(Records from a dataset)
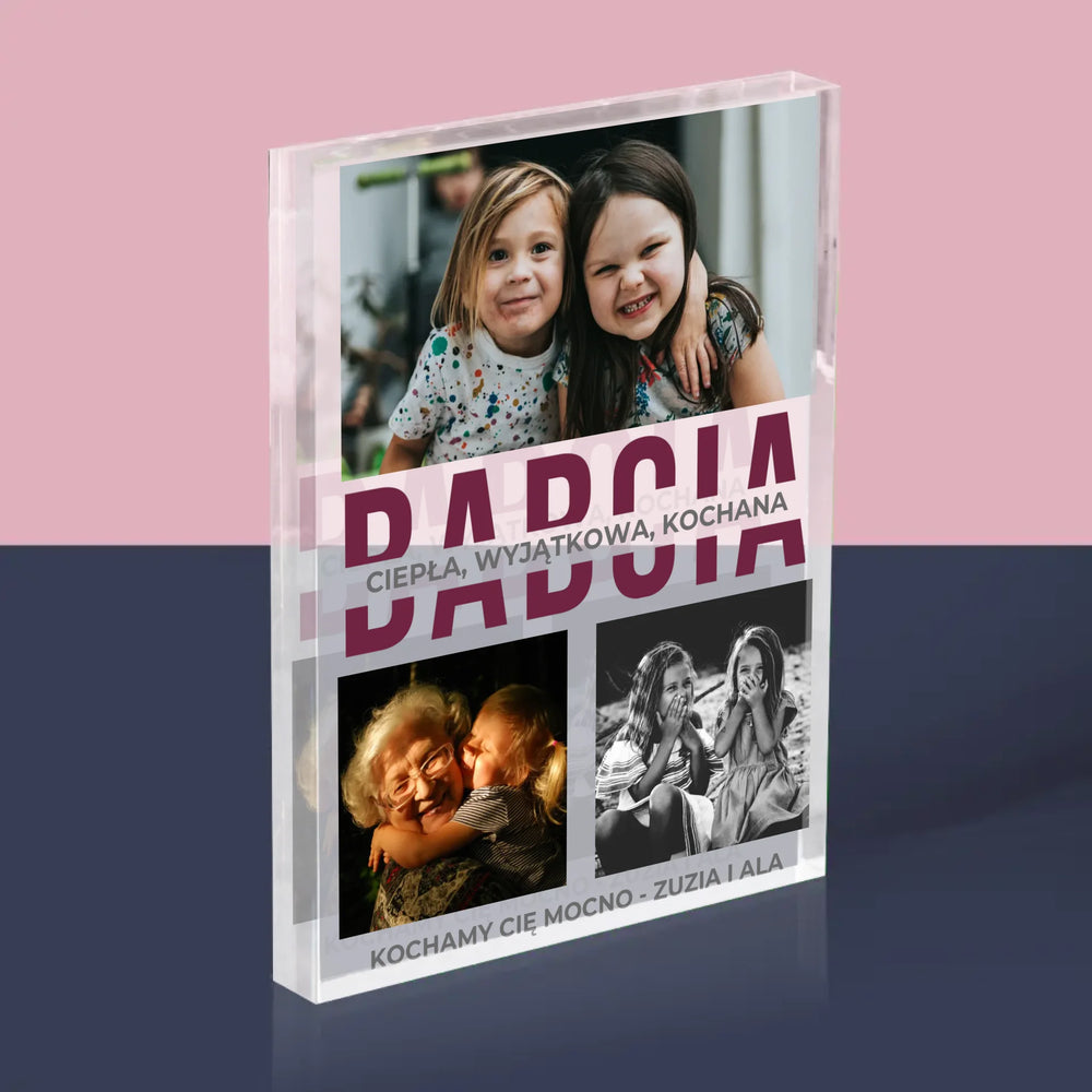 Fotokolaż: Babcia Cechy Charakteru - Blok Akrylowy z Nadrukiem
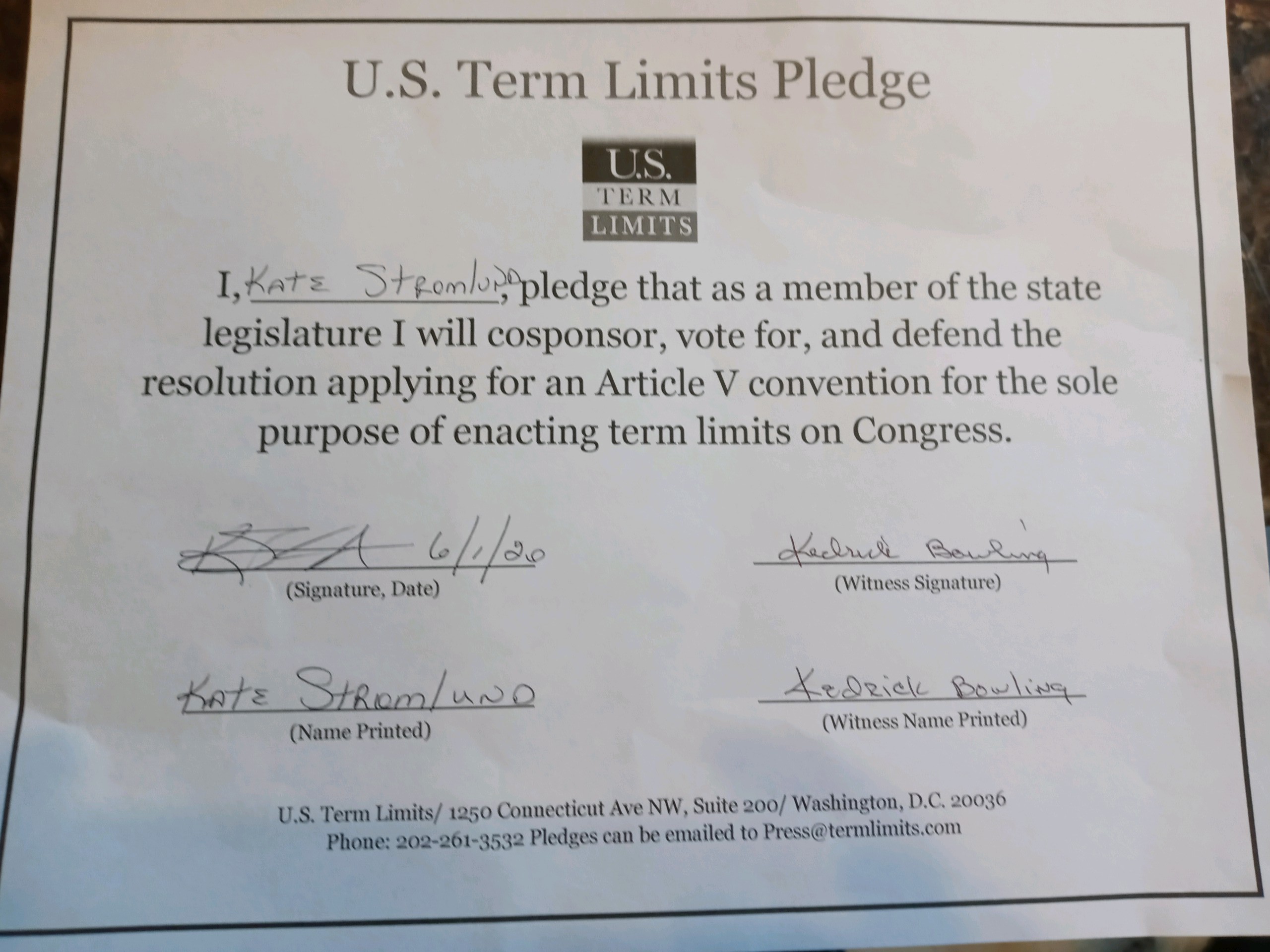 Kate Stromlund Pledges to Support Congressional Term Limits
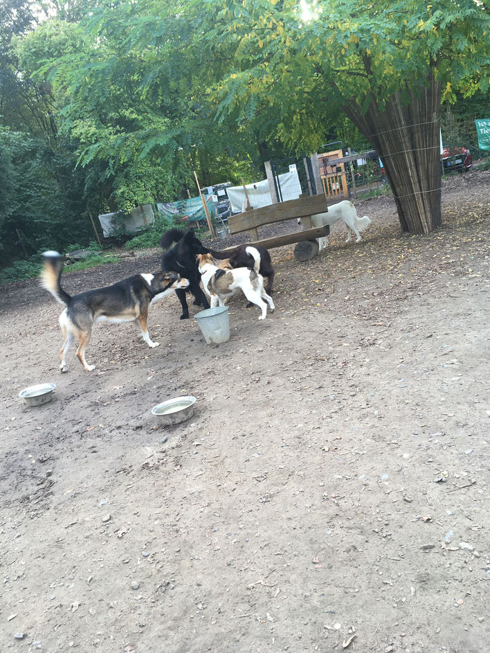 Am nächsten Tag hat sie dann erst einmal eine ausgiebige Dusche genossen, sich beim ersten Bürsten von sehr viel Fell verabschieden können und den Tag mit Finn, Byron, Toffee und Karlchen verbracht.
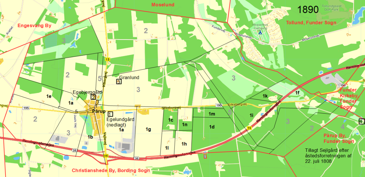 Matr.nr. 1e er en af de vestligste parceller i Ejerlav Pårup By.
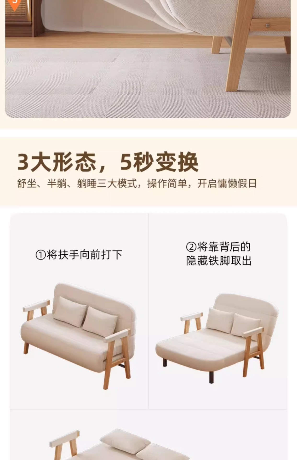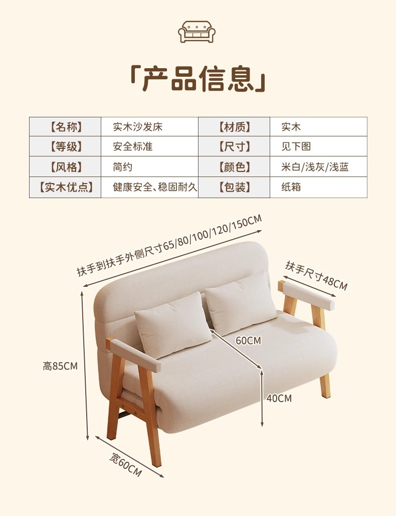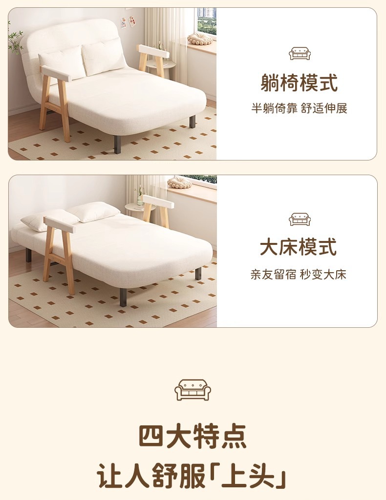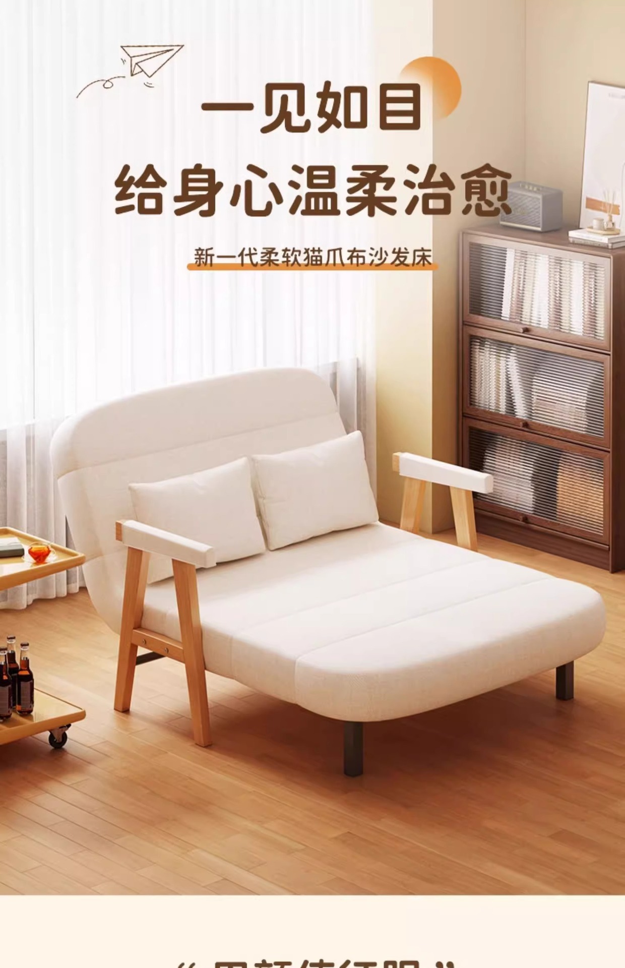 Sofá cama plegable 2024 nuevo tipo de madera maciza multifuncional pequeña casa en línea rojo cama individual cama telescópica doméstica

PROBLEM TO SOLVE: Copy out the records exactly; the pictures stay behind.

EXERCISE ANSWER:
 Fotokolaż: Babcia Cechy Charakteru - Blok Akrylowy z Nadrukiem
 Kate Stromlund Pledges to Support Congressional Term Limits
 Am nächsten Tag hat sie dann erst einmal eine ausgiebige Dusche genossen, sich beim ersten Bürsten von sehr viel Fell verabschieden können und den Tag mit Finn, Byron, Toffee und Karlchen verbracht.
 Matr.nr. 1e er en af de vestligste parceller i Ejerlav Pårup By.
 Sofá cama plegable 2024 nuevo tipo de madera maciza multifuncional pequeña casa en línea rojo cama individual cama telescópica doméstica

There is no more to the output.